8. Production Hardening¶
Your full stack is deployed: agent, MCP server, gateway, UI, and code execution sandbox. Everything works in development. This final module covers what it takes to run the stack in production -- secrets management, FIPS compliance, authentication, security policy, resource limits, and monitoring.
FIPS compliance¶
Federal Information Processing Standards (FIPS 140-2/140-3) mandate the use of validated cryptographic modules. FIPS compliance is required for U.S. government workloads and many enterprise environments. If your OpenShift cluster runs with FIPS mode enabled, every container in the cluster must use FIPS-validated crypto.

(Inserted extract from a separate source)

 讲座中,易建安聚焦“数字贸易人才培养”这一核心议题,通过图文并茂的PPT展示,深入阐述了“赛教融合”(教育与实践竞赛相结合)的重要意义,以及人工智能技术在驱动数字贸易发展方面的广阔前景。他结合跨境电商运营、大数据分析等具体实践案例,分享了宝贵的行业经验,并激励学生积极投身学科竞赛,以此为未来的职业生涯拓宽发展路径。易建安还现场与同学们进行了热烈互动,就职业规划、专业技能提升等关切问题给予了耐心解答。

Red Hat UBI base images are FIPS-capable out of the box. When the host kernel
has fips=1 set, UBI's OpenSSL automatically restricts itself to
FIPS-validated algorithms. No application-level configuration is needed.

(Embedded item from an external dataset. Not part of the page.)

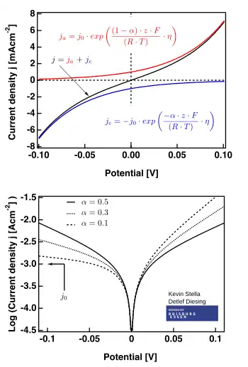 Die untere Abbildung zeigt den Logarithmus des Betrags der Stromdichte für verschiedene Ladungstransferkoeffizienten .

To verify FIPS mode is active in a running pod:
A return value of 1 means FIPS mode is active. A return value of 0 means
the host kernel does not have FIPS enabled.
What breaks under FIPS
MD5 hashing raises an error unless called with usedforsecurity=False.
TLS is restricted to AEAD cipher suites (AES-GCM, AES-CCM). If your agent
calls an external endpoint that requires legacy ciphers (CBC, RC4), the TLS
handshake will fail. The fix is on the remote endpoint, not your agent.
The litellm migration¶
The framework originally used litellm as an LLM abstraction layer. Two problems forced a switch:
-
FIPS incompatibility. litellm's dependency tree pulls in cryptographic libraries that are not FIPS-validated. On a FIPS-enabled cluster, these libraries either fail at import time or silently use non-compliant algorithms.
-
Supply chain compromise. litellm versions
1.82.7and1.82.8were compromised in a supply chain attack (March 2026). The malicious versions exfiltrated API keys to an external endpoint.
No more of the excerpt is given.